Le principe et la bonne règle

ALM : Quelle appréciation faites-vous du recours du ministère de l’intérieur à des agences de communication pour l’information des électeurs ?
Chakir Fassi Fihri : C’est une excellente chose pour le ministère de l’intérieur et pour le pays. Le fait que le ministère de l’intérieur, et à sa tête Si Driss Jettou que nous pouvons tous saluer pour cette excellente initiative, se frotte aux professionnels de la communication est un gage d’ouverture et de professionnalisation de la communication institutionnelle de ce ministère. Ce précédent peut être le prélude de l’ouverture de ce département pour un travail en profondeur sur des axes précis concernant son image, ses services, ses activités ou ses structures décentralisées. Pour notre pays, cette affaire est une bonne nouvelle car désormais on s’adressera aux citoyens par des techniques de communication qui ne sont pas au rabais et qui créeront obligatoirement une nouvelle perception de la vie politique en faveur de ce Maroc nouveau pour lequel nous oeuvrons tous.
Pensez-vous que pour la mise en oeuvre de cette campagne de communication le ministère de l’intérieur a choisi la bonne méthodologie ?
Le ministère de l’intérieur débute dans ce domaine.

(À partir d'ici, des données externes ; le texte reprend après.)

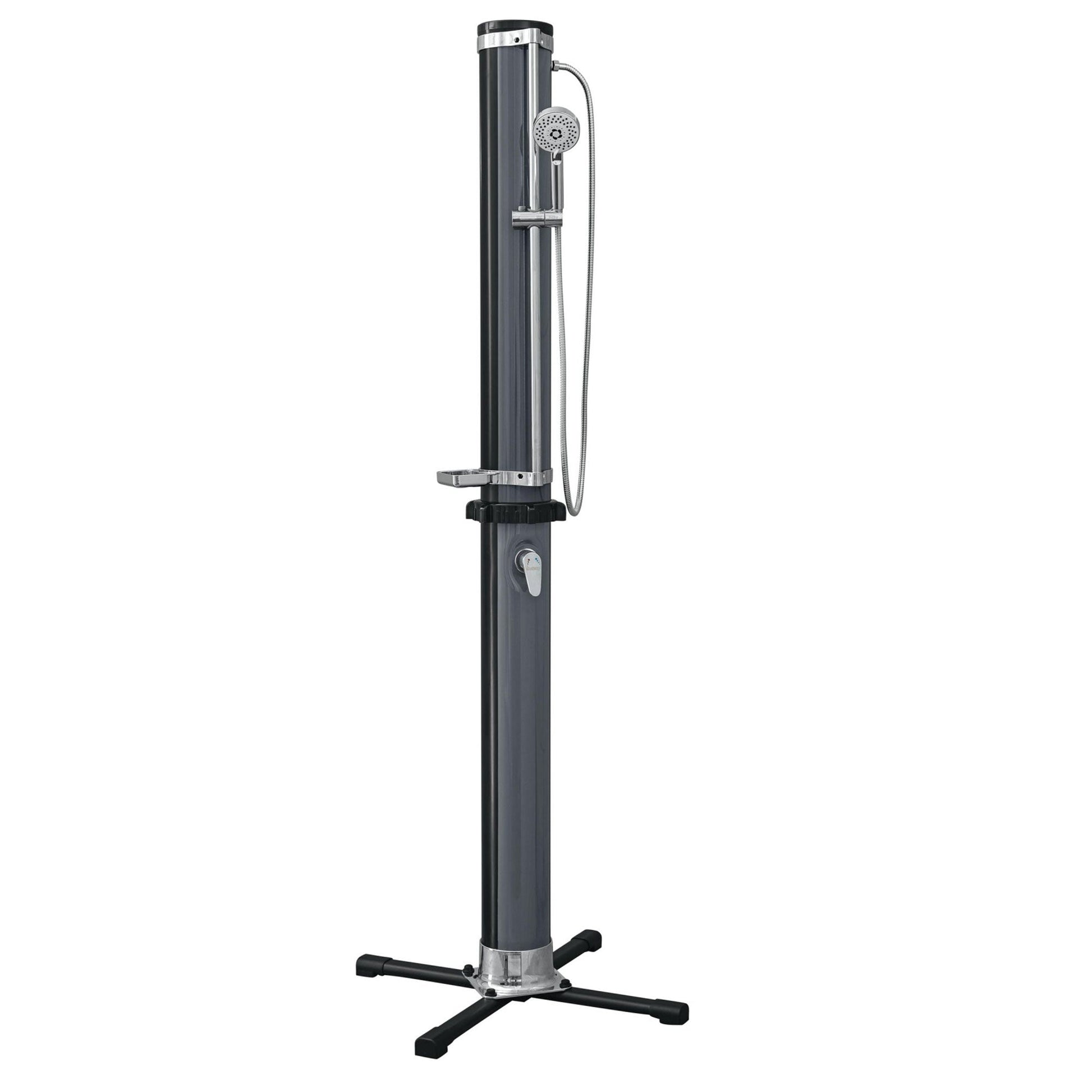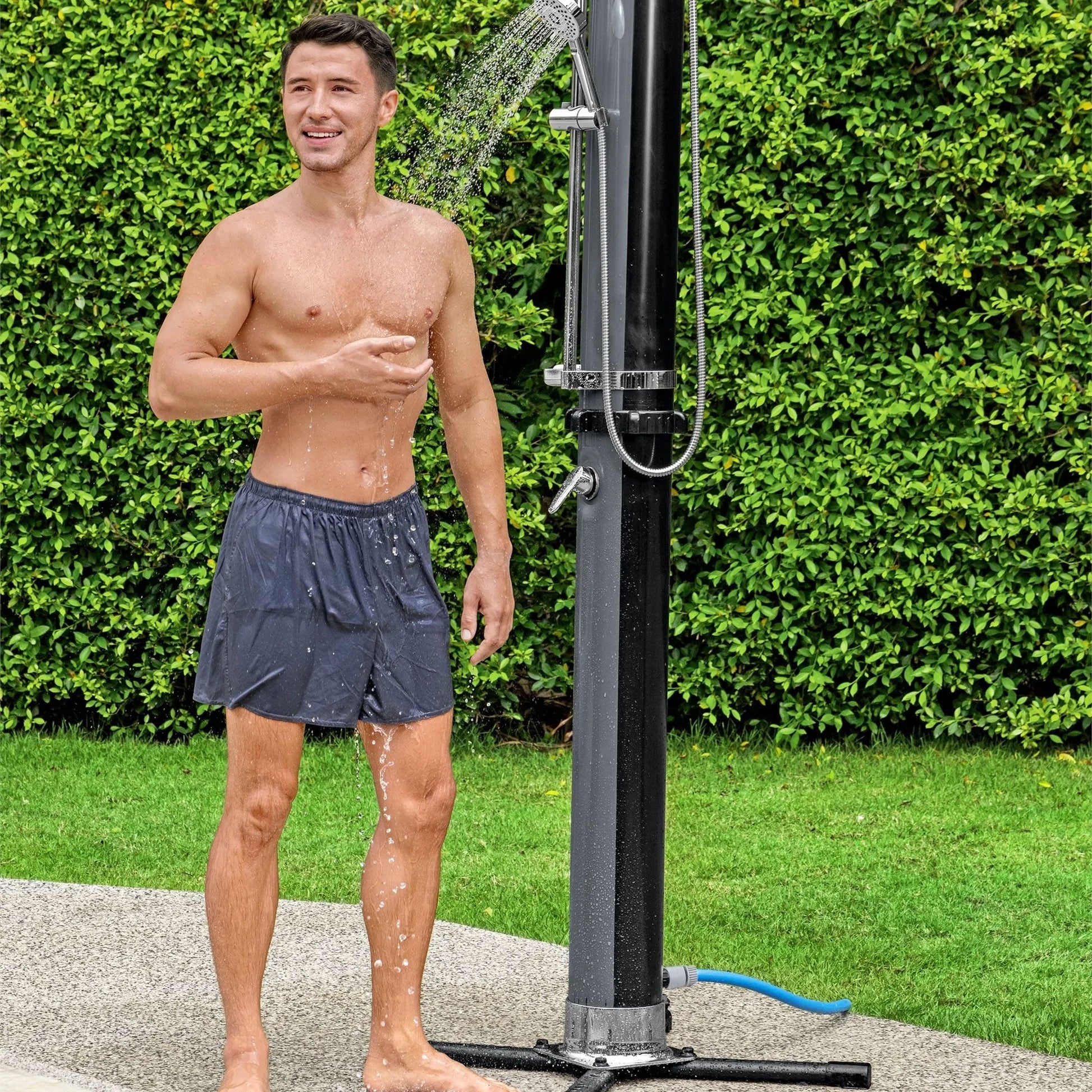 Ideal for pool owners, outdoor enthusiasts, beach volleyball players, and anyone who wants to shower after their outdoor activities, this convenient outdoor shower features an adjustable shower head that can tilt, move up and down, and be used fixed overhead or handheld. With multiple spray settings, including rain, pulse, jet, jet plus pulse, and rain plus pulse, this outdoor shower empowers you to customize your shower experience, ensuring an excellent cascade of water every time. From gentle rain-like droplets to powerful sprays, this outdoor shower has it all. Its quick connector, on the other hand, attaches to a standard garden hose (hose not included) to let the water flow and for effortless assembly. With its solar power system, this shower harnesses the power of the sun and warms up to 9.2 gallons of water, making each shower refreshingly invigorating. Meanwhile, the sturdy, weatherproof construction ensures durability, so you can enjoy countless outdoor showers for years to come.
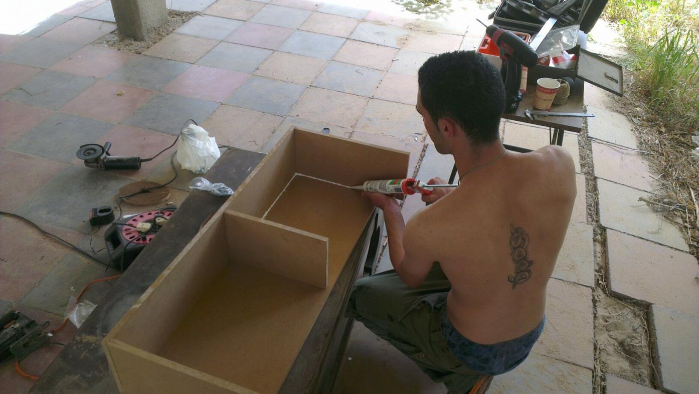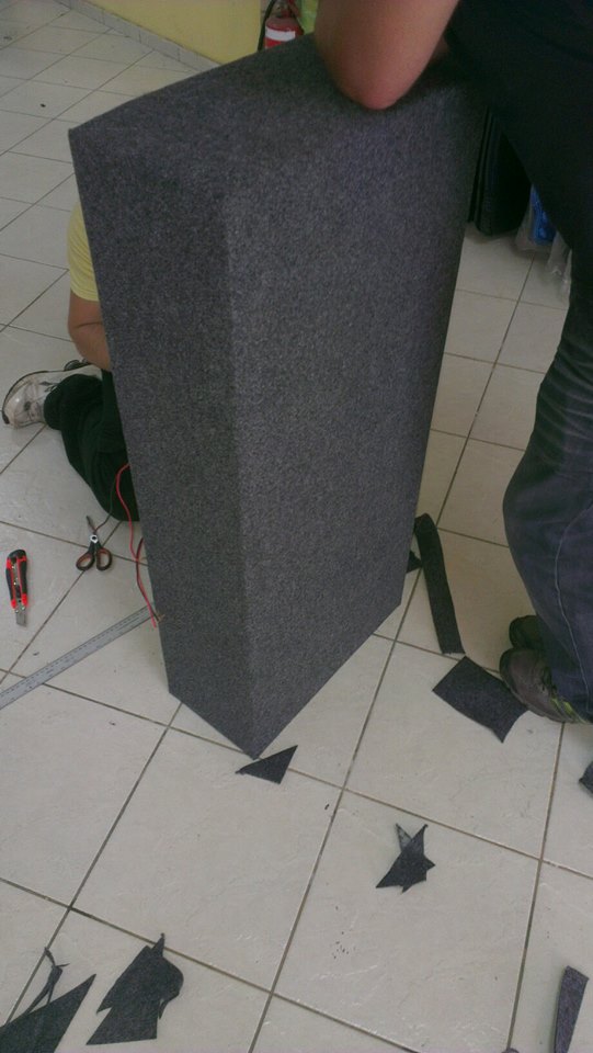 התיבה בנויה בדיוק לפי המידות של הסאב. יש לי בערך חצי אינצ' בין הרמקול עצמו לעץ.. ולהפתעתי המוחלטת לפיאט פונטו יש אקוסטיקה מאוד טובה... לא הייתי צריך לשים כלום וזה נשמע מצוין. צריך לוודא שאחרי שמפרקים את הפלסטיקה ברכב סוגרים הכל כמו שצריך והדוק, אחרת הפלסטיקה רועדות וזה נשמע חרא...

On comprend le fait qu’il puisse faire des omissions. Notre métier a des règles que le ministère de l’intérieur ne peut ignorer. Sur le plan de la méthodologie choisie ce qui est navrant c’est que la règle de base de la compétition ouverte entre les agences n’ait pas été respectée. La consultation s’est réduite à 3 ou 4 agences sans que des agences majeures, nationales et leaders sur le marché n’aient été approchées. Une affaire de cette nature aurait du être traitée d’un manière plus ouverte. Cela malheureusement n’a pas été le cas.
Qu’est ce qui vous choque le plus c’est que Saga n’ait pas été consulté ou que d’autres confrères aient gagné le budget?
Mes confrères ne sont pas en question. Ils méritent nos félicitations en tant que professionnels et de l’encouragement car ils seront à la hauteur, au nom de toute la profession, pour enraciner dans ce domaine précis l’idée d’une communication de qualité. Non, ce dont il s’agit c’est que l’on ne peut pas sur une campagne d’intérêt national de cette dimension consulter des agences et pas d’autres. Par exigence citoyenne et pour la valeur même des idées développées par cette campagne, on ne peut pas exclure des agences comme Saga communication ou d’autres qui ont des références sérieuses et indiscutables dans ce domaine. C’est une question d’exemplarité.
Votre colère s’explique donc par des questions de principe ?
Quand il s’agit de notre pays, de notre patrie, il ne s’agit pas de parts de marché. Nous avons toujours, pour notre part, assumé nos responsabilités et nous avons fait, souvent dans la discrétion, plus d’une dizaine de campagnes sociales, humanitaires ou institutionnelles. Sur ce point, nous assumons nos engagements et nous contribuons à la marche de notre pays. Mais ce qui est navrant c’est que l’on ne nous ait pas consulté comme le veut la déontologie de notre métier. Sur une campagne nationale de cette envergure, nous ne demandons pas des privilèges.
Nous réclamons tout simplement le droit à être normalement consultés compte tenu de notre poids dans le secteur de la publicité pour que le ministère de l’intérieur puisse avoir les meilleures créations possibles, les meilleurs conseils et finalement la meilleure offre globale.